Номера страниц в выпуске:53-54
Несмотря на лавинообразное нарастание современных психотропных средств из класса антидепрессантов в арсенале практикующего врача, проблема резистентности при терапии депрессивных состояний до настоящего времени сохраняет свою актуальность. Около 30% больных большой депрессией не поддаются лечению одним антидепрессантом, назначенным в адекватной дозе на период, достаточный для получения лечебного эффекта (P.Cowen, 1998). Основными стратегиями преодоления терапевтической резистентности фармакологическими средствами являются: замена оказавшегося неэффективным антидепрессанта на другой, комбинированная терапия (одновременное применение двух антидепрессантов) и стратегии аугментации (присоединения к терапии антидепрессантом дополнительного лекарственного агента, не относящегося к этому классу препаратов).

Введение
Несмотря на лавинообразное нарастание современных психотропных средств из класса антидепрессантов в арсенале практикующего врача, проблема резистентности при терапии депрессивных состояний до настоящего времени сохраняет свою актуальность. Около 30% больных большой депрессией не поддаются лечению одним антидепрессантом, назначенным в адекватной дозе на период, достаточный для получения лечебного эффекта (P.Cowen, 1998). Основными стратегиями преодоления терапевтической резистентности фармакологическими средствами являются: замена оказавшегося неэффективным антидепрессанта на другой, комбинированная терапия (одновременное применение двух антидепрессантов) и стратегии аугментации (присоединения к терапии антидепрессантом дополнительного лекарственного агента, не относящегося к этому классу препаратов). Если тактика последовательной замены антидепрессантов различных фармакологических групп и их комбинированное использование широко применяется в клинике, то аугментационные стратегии вызывают множественные вопросы. В первую очередь это связано с тем, что ряд лекарственных средств, которые используются для аугментации (тиреоидные гормоны, антипсихотики и др.), не имеют официально зарегистрированных показаний для назначения при эндогенных депрессиях. Вместе с тем данные контролируемых исследований, убедительных с точки зрения доказательной медицины (J.John, 2002), позволяют рассматривать такой подход как один из методов преодоления резистентности к антидепрессантам.

Описание клинического случая
Больной Г., 1983 г. рождения, неоднократно госпитализировался в НИПНИ им. В.М.Бехтерева с диагнозом: рекуррентное депрессивное расстройство, текущий депрессивный эпизод умеренной степени выраженности.
Наследственность у больного явно психопатологически не отягощена, но из характерологических особенностей родителей обращают на себя внимание проявления эмоциональной неуравновешенности, вспыльчивости. Больной родился от неосложненной беременности, единственный ребенок в семье. Из расстройств детского возраста были выявлены проявления повышенной моторной активности, в 4–5 лет отмечались снохождение и заикание. В школу пошел с 7 лет, успеваемость и адаптация в школьной среде были хорошими. После окончания средней школы поступил в технический вуз. Преморбидно сформировался впечатлительным, с чертами сенситивности.
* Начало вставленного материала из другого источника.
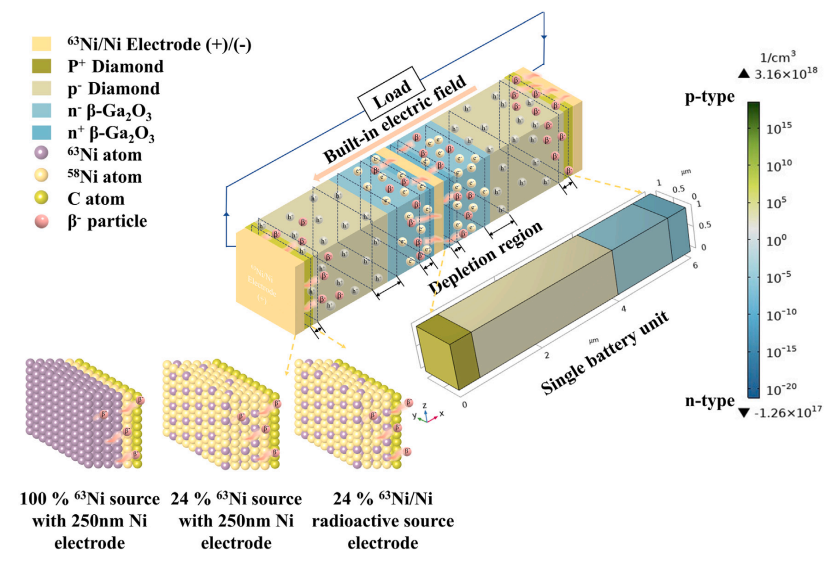核电池(又称放射性同位素电池)具有体积小、寿命长、稳定性高等优点,是极端环境下微机电系统、植入式医疗设备和深海探测器等应用的理想微型电源。在各类核电池中,倍他伏特核电池直接将β射线(电子)的能量转化为电能,具有较高的转换效率。金刚石以其超宽的禁带宽度、优异的抗辐射能力和高载流子迁移率,被认为是制造高开路电压核电池能量转换器的最佳材料。然而,金刚石核电池的发展面临三大挑战:1)放射源自身的能量损失;2)β 粒子在金刚石中穿透深度浅,能量利用率低;3)金刚石难以实现高质量的 n 型掺杂,阻碍了 p-n 同质结的制备。为了克服这些困难,将 p 型金刚石与一种晶格匹配且能带结构合适的 n 型宽禁带半导体构成异质结,是一种极具前景的技术路线。 其中,n 型 β-Ga2O3 因其宽禁带和与金刚石无晶格失配的特点,成为理想的匹配材料。

Больным себя считает с 2003 г., когда после дорожно-транспортного происшествия резко снизилось настроение, сопровождавшееся проявлениями тревоги, внутреннего напряжения; нарастали замкнутость и снижение работоспособности. В это же время ухудшился аппетит и возникли нарушения сна по типу ранней и поздней инсомнии. Однократно на высоте приступа тревоги нанес себе поверхностный разрез в области лучезапястного сустава, но эти действия не имели очерченной суицидной мотивации. Осенью 2003 г. около месяца получал стационарное лечение в отделении пограничной психиатрии с использованием коаксила, откуда был выписан без признаков депрессии. Больной успешно продолжил обучение в вузе, был социально активным, участвовал в студенческой жизни, по обмену между учебными заведениями на конкурсной основе выезжал на несколько месяцев за границу.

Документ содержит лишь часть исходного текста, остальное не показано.